[LAU] Linux Audio 2012: Is Linux Audio moving forward?

Florian Paul Schmidt mista.tapas at gmx.net
Thu Oct 11 08:37:57 UTC 2012


On 10/10/2012 09:32 PM, Alexandre Prokoudine wrote:
> I also don't quite get what's the fun in having another distribution 
> even if it comes prepackaged will all the latest gizmos. It's still a 
> Linux distribution with all its dependencies, repositories and 
> suchlike. Dunno if you noticed, but it's marketplaces and app stores 
> what's trending today.

So, finally the big closed source OS vendors wisened up to a package 
management system (an android app is a zip file with a manifest and the 
system makes sure it installs nicely and also uninstalls nicely - a 
package, even the extension reflects that: APK - Android Package).. The 
difference is that package management systems in the open source world...
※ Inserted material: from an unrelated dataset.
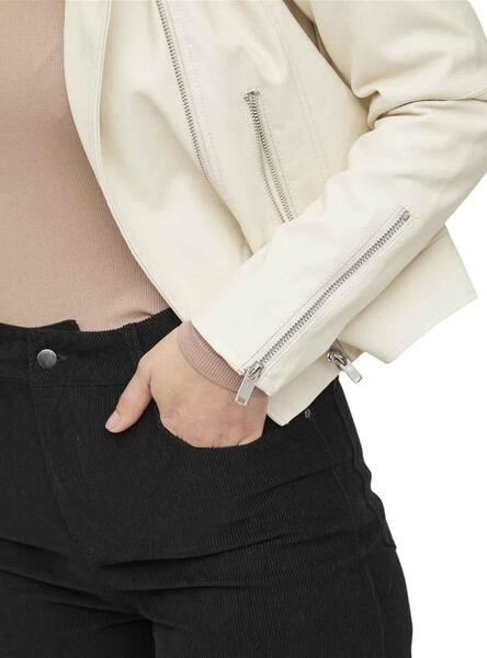 Cazadora Vila. Color beige. De piel sintética. Cierre de cremallera. Bolsillos con cremallera. Estilo biker. Manga larga con cremalleras.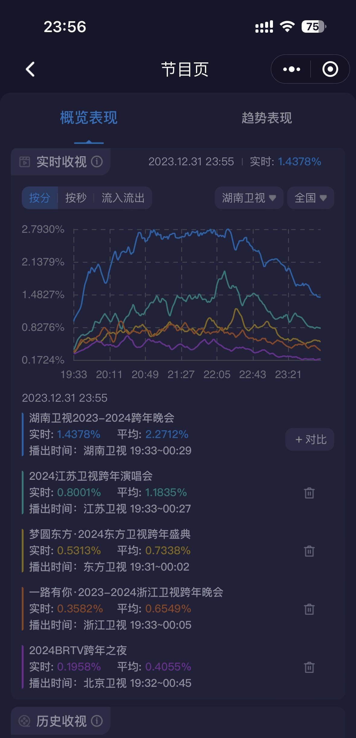 湖南卫视跨年晚会收视率成绩斐然,其中收视率峰值最高分别为黄晓明、魏大勋和陈楚生。

a] ...also track dependencies

b] ...focus heavily on free software

Point b] is a political one, and not a technical one.

BTW: about the technical superiority of OS X/Windows vs. Linux. I still 
can shock most OS X and windows users by demonstrating a period size of 
8 samples (0.6ms roundtrip latency at 48khz samplerate) without any 
XRuns while at the same time compiling a kernel in the background with 
make -j 8 on a -RT kernel..

The perceived superiority is purely one of a software ecosystem.. What I 
could do 10-15 years ago on a AMD K6-III with 400 Mhz and Cubase VST 3.4 
(or whatever it was back then) just became possible on Linux (the 
development of Ardour3, QTractor and closed source software like Renoise 
come into my mind).. And by "possible" I mean, not principally possible, 
but with a certain level of comfort and polish..

OTOH: If you are more exerimentally minded, then the Linux ecosystem 
still has some definite advantages over the more closed systems, simply 
for the openness and modularity of the software.. Too bad, Ingen isn't 
there yet :( It has so freaking much potential!!